▶ _Your assignment_
From the records below, please print only the lines from the one containing "The Omcan 20150" through the one containing "let me explain", both included. Skip the pictures.

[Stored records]
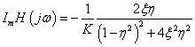 在η=1,即ω=ωn 處,實(shí)部為零,虛部為-1/2ξK,接近最小值。由此可以確定出系統(tǒng)的固有頻率ωn;
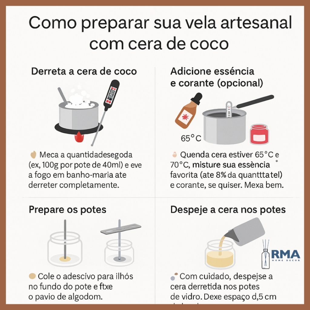 Kit Iniciante para Velas Artesanais Cera de Coco 1kg + Adesivo 10 Pavios + 10 Potes Geleinha 40ml + Termômetro + Balança
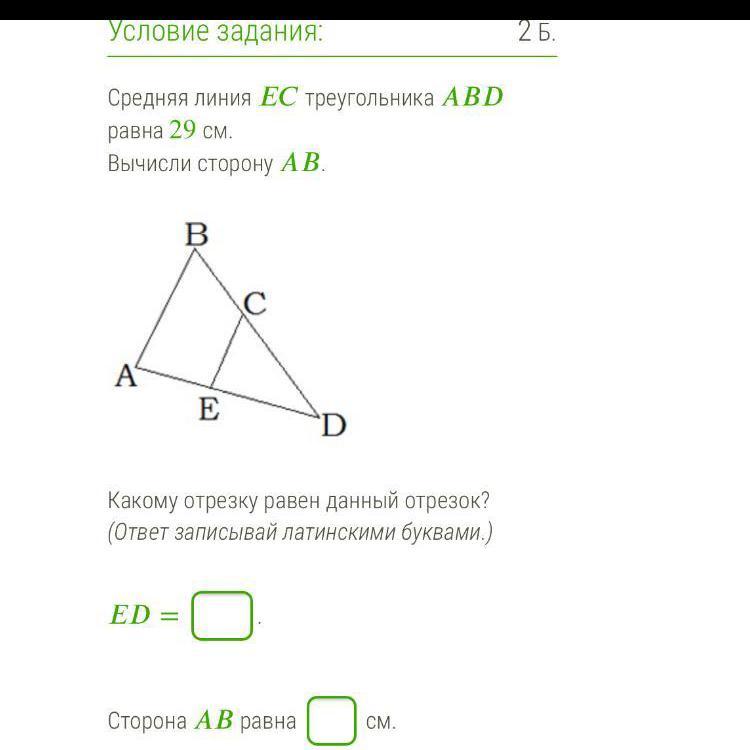 Ответ:ЕD=AE,т к Средняя линия проводится через середину двух сторон
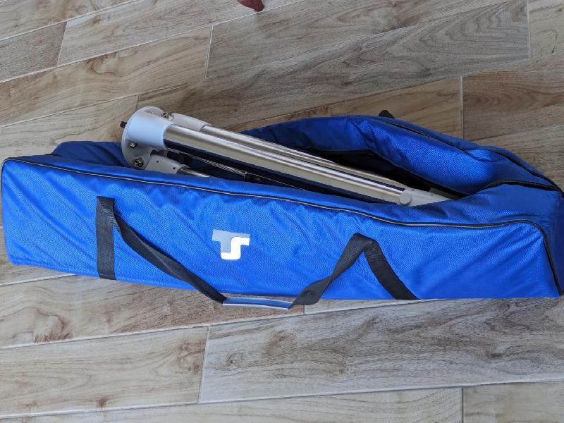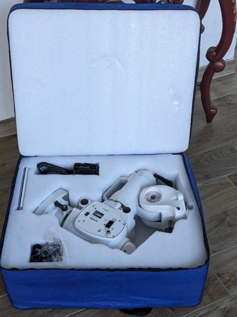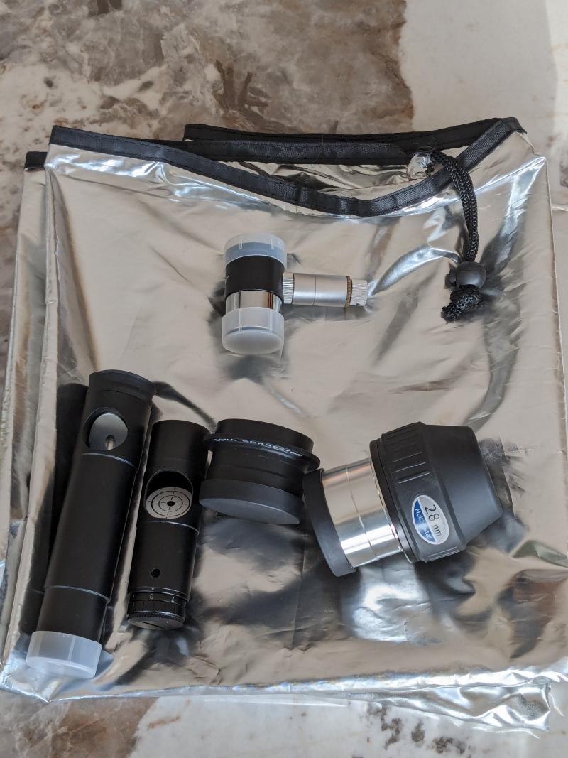 la raquette de commande Syncsan pour l’EQ6, une alimentation secteur pour l’EQ6, 2 contrepoids de 5kg chacun, un adaptateur/réducteur de 2 pouces vers 1,25 pouces, un laser et un cheshire pour la collimation du Newton, un oculaire grand champ de 28mm, un oculaire réticulé lumineux, un correcteur de Coma, un masque de bathinov, une bâche de protection, un chercheur droit 9x50.
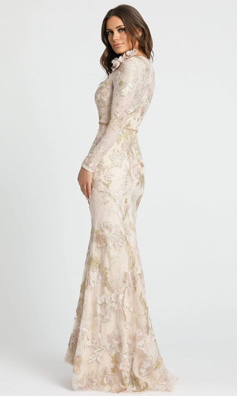 Saunter into the ballroom in style in this Mac Duggal 11174 creation. Shimmering with sequins on a floral lace silhouette, this piece has a jewel neckline, a floral applique and long sleeves. The skirt is crowned with a beaded waistband before flowing into a mermaid silhouette. Radiate utter opulence in this magnificent Mac Duggal masterpiece. Find more mother of the bride dresses.
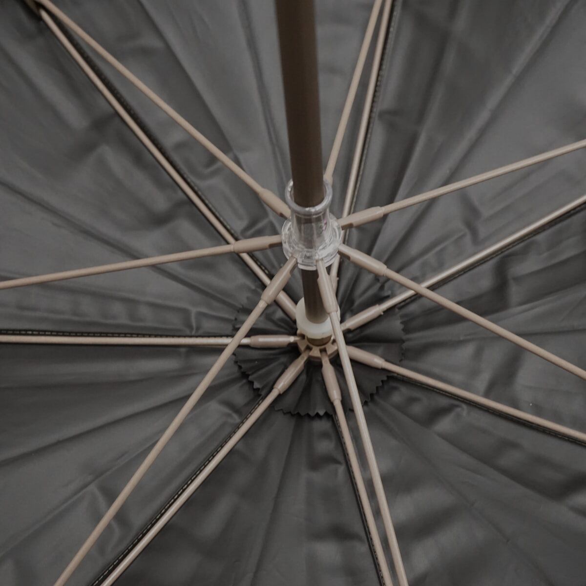 持つだけでコーディネートがワンランク上がるような、美しいカラーと木目調の手元が魅力の長傘。
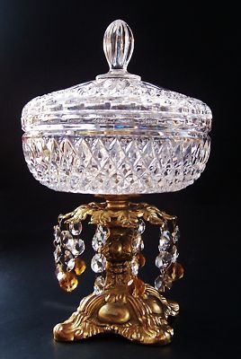 Title (ebay affiliate link): Vintage Estate German Crystal & Brass, Covered Compote w/ Swarovski Crystals
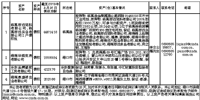 中国信达资产管理股份有限公司海南省分公司资产处置公告
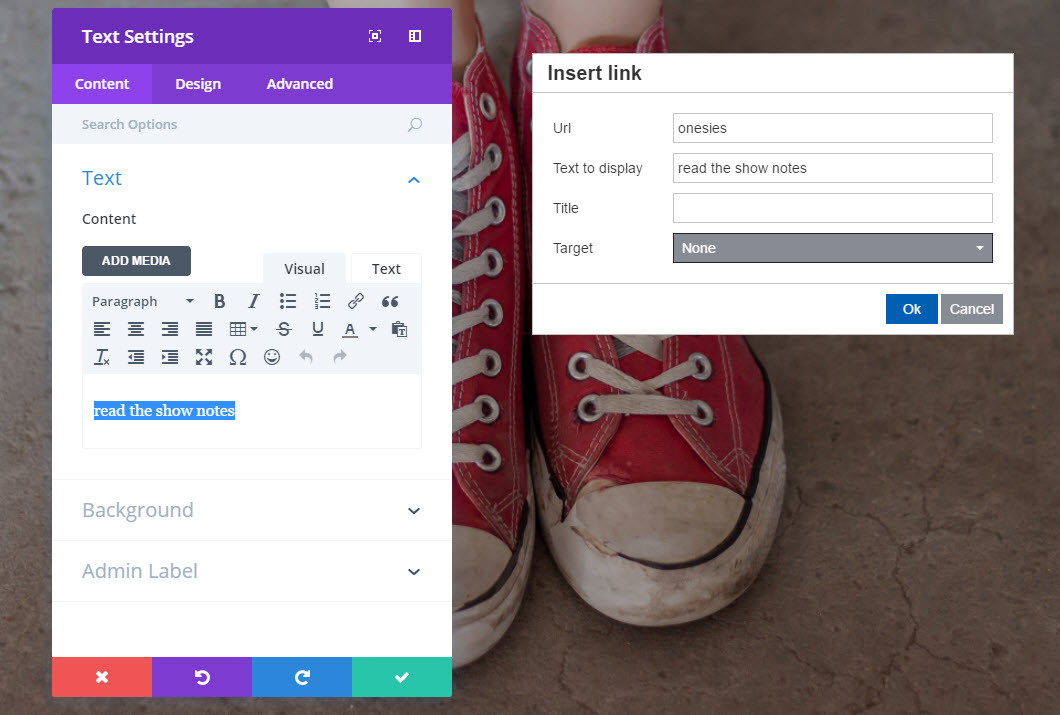 세 번째 열에 새 텍스트 블록을 만들고 설정을 열고 원하는 링크 텍스트를 입력합니다. 이 예에서는 "쇼 노트 읽기"가 자명합니다.
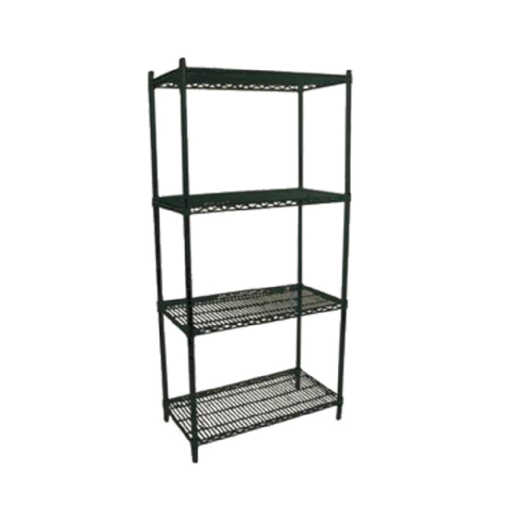 The Omcan 20150 wire shelving system operates as a non-electric, commercial storage solution with dimensions of 72"W x 24"D, crafted from epoxy-coated steel that weighs 23 lbs. Its construction ensures resistance to moisture and chemical cleaning agents, with an NSF certified quality standard. The epoxy finish is specified in green for corrosion resistance, supporting medium workload storage in busy kitchen environments. Overall, this shelving unit offers straightforward assembly with a durable, commercial-grade build suitable for food storage, with dimensions designed for efficient space utilization in various kitchen settings.
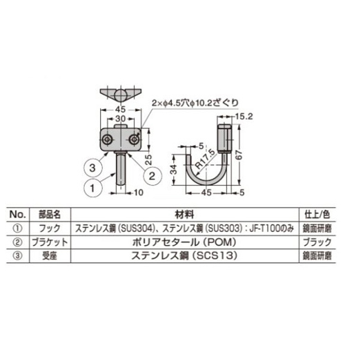 [サイズ]表記による [本体重量]90g [付属品]SUS十字穴付トラスタッピンネジ 4×20 :2本 [材質]SUS303 [仕上]研磨 [吊下荷重]170N(17kgf)
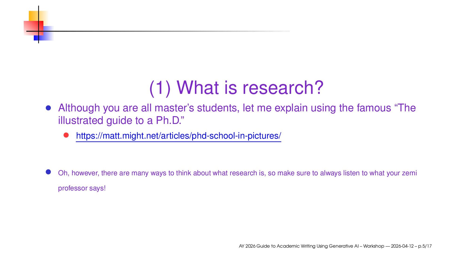 let me explain using the famous “The illustrated guide to a Ph.D.” https://matt.might.net/articles/phd-school-in-pictures/ Oh, however, there are many ways to think about what research is, so make sure to always listen to what your zemi professor says! AY 2026 Guide to Academic Writing Using Generative AI – Workshop — 2026-04-12 – p.5/17
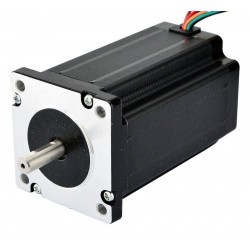 Este es el motor paso a paso nema 24 más potente, con un ángulo de paso de 1,8 grados y un tamaño de 60x60x100 mm. Tiene 8 hilos, los cuales tienen tres opciones de conexión: Unipolar o Bipolar (Serie) o Bipolar (Paralelo), puedes elegir el tipo que desees. Un eje trasero puede montar encoder, volante o equivalentes. Su par de torsión debe alcanzar los 2,8 Nm (397 oz.in) con conexión unipolar y los 4,0 Nm (566 oz.in) con conexión bipolar.

▶ _Solution_
 The Omcan 20150 wire shelving system operates as a non-electric, commercial storage solution with dimensions of 72"W x 24"D, crafted from epoxy-coated steel that weighs 23 lbs. Its construction ensures resistance to moisture and chemical cleaning agents, with an NSF certified quality standard. The epoxy finish is specified in green for corrosion resistance, supporting medium workload storage in busy kitchen environments. Overall, this shelving unit offers straightforward assembly with a durable, commercial-grade build suitable for food storage, with dimensions designed for efficient space utilization in various kitchen settings.
 [サイズ]表記による [本体重量]90g [付属品]SUS十字穴付トラスタッピンネジ 4×20 :2本 [材質]SUS303 [仕上]研磨 [吊下荷重]170N(17kgf)
 let me explain using the famous “The illustrated guide to a Ph.D.” https://matt.might.net/articles/phd-school-in-pictures/ Oh, however, there are many ways to think about what research is, so make sure to always listen to what your zemi professor says! AY 2026 Guide to Academic Writing Using Generative AI – Workshop — 2026-04-12 – p.5/17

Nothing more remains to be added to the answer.